Jonas ground his teeth. “Not tonight.”

As the dealer passed out the cards, Levi did his best to ignore Jonas’s silent fury and horrifying smell so he could focus on the game. His hand wasn’t all that terrible, but not all that good, either. He carefully fiddled with the cards concealed in his sleeve.

He didn’t win the first round, and the second time he drew only low cards and folded immediately. Even when he tried, it was hard not to think about the due date in two days, circling him with fangs bared. About Enne telling him she was alone. About Chez on his old throne. It didn’t help having Scavenger beside him, a physical reminder of how he’d risen while Levi had fallen.

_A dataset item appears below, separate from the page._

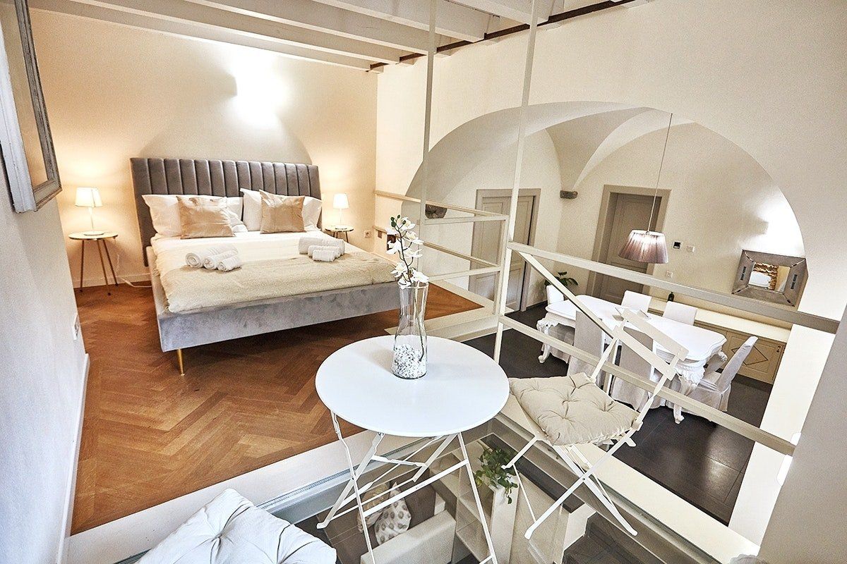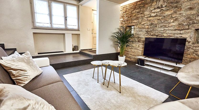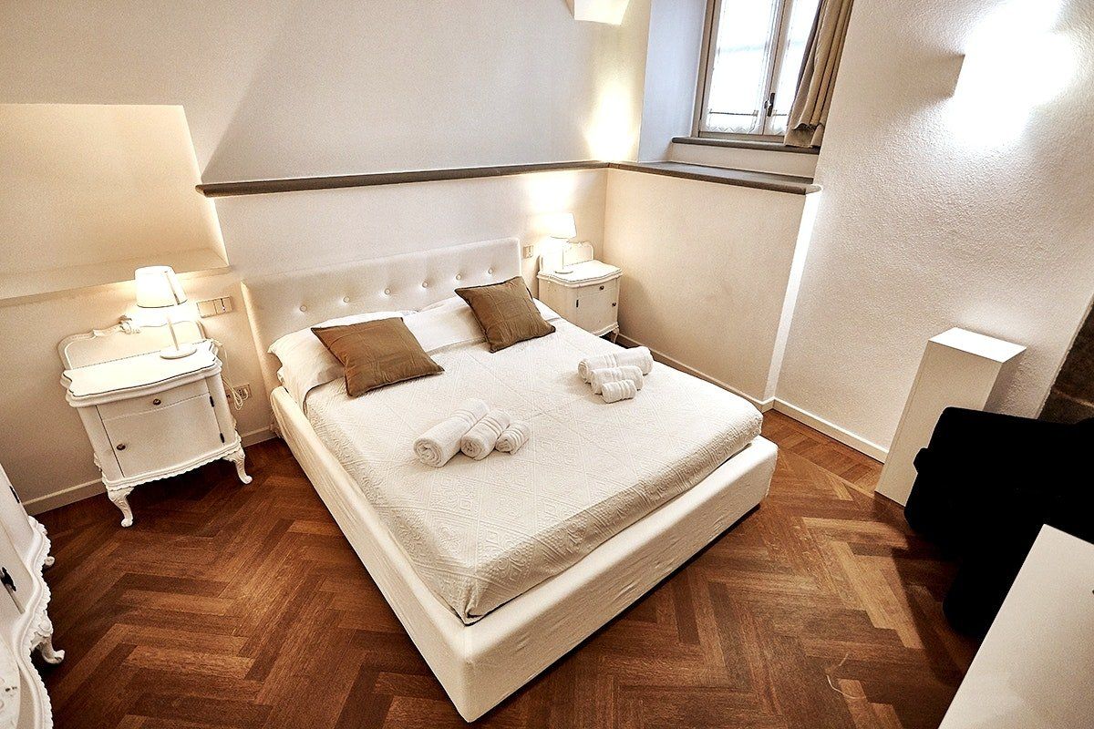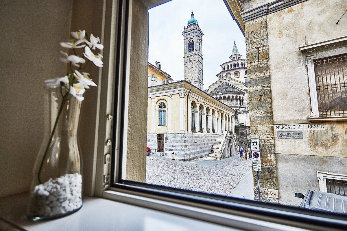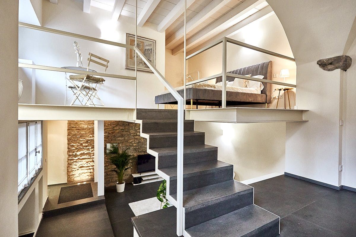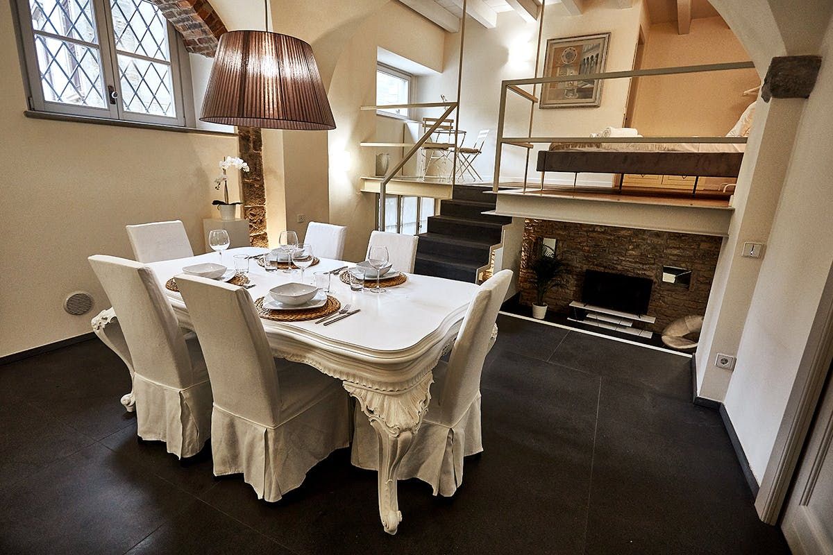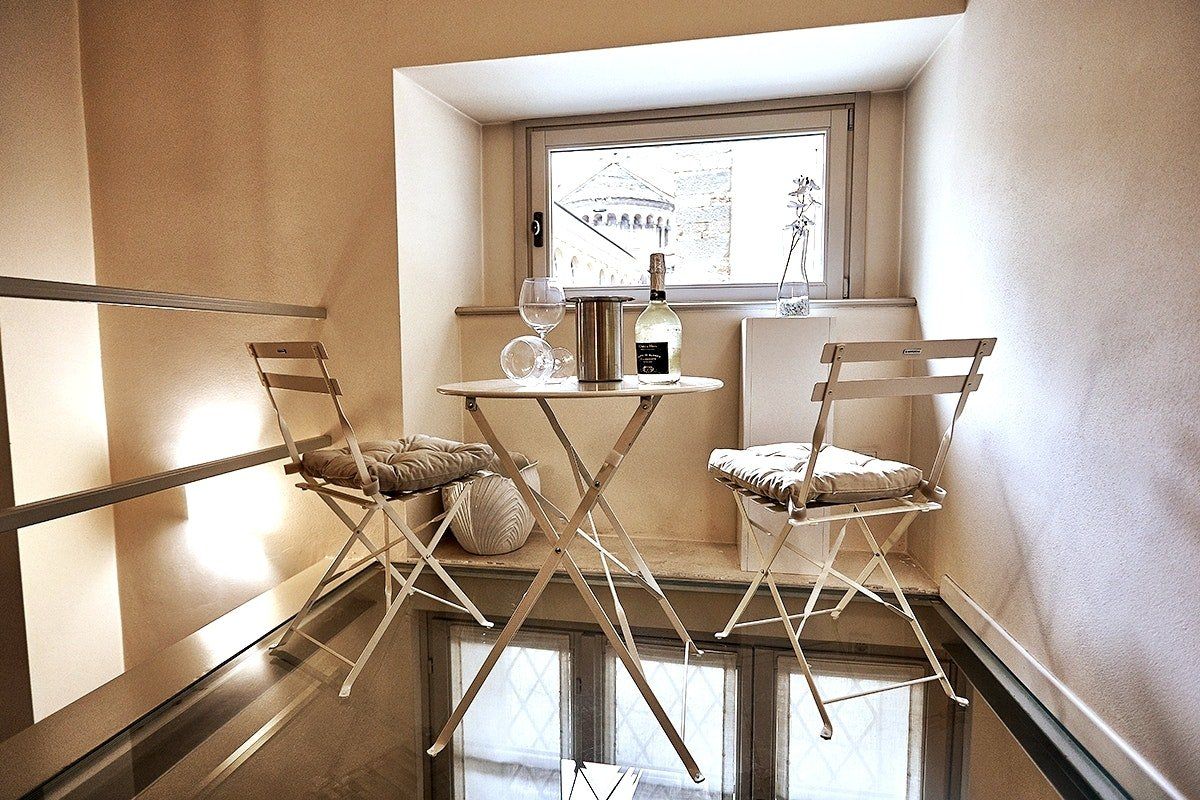 This duplex apartment embraces the history of Bergamo. Dating back to the 16th century, the thick stone walls keep this place naturally cool in summer. There are a few steps and stairs throughout, owing to the age of the building, and one of the bedrooms is on an open mezzanine level overlooking the dining area. There’s no doubt it’s quirky – just look at the bistro table on the glass floor above the living room. From here, you can peer out at the ancient church-filled streets of Bergamo, easily explored on foot from this historic bolthole.

When he found his opportunity, Levi exchanged the cards in his hand for the better ones up his sleeve. It was dexterous, fast. Not even Jonas beside him had seen it. Levi didn’t need to think to switch the cards—the movements were automatic, memorized from a time when he still sat on street corners, dressed as a legend long past, asking victims if they’d like to play.

His short winning streak distracted him the way only hope could. He slid a miniature tower of chips to his pile as the dealer passed him his new card. He grabbed it.

*

The smoke of Dead at Dawn cleared, and Levi stood in front of a white door in the hallway. Dimly, he recalled what Zula had said about the hallway, about the shade that bound him and Enne, but really, all he could think was that he needed to find a particular door. He reached forward and turned the knob of the one in front of him. It opened.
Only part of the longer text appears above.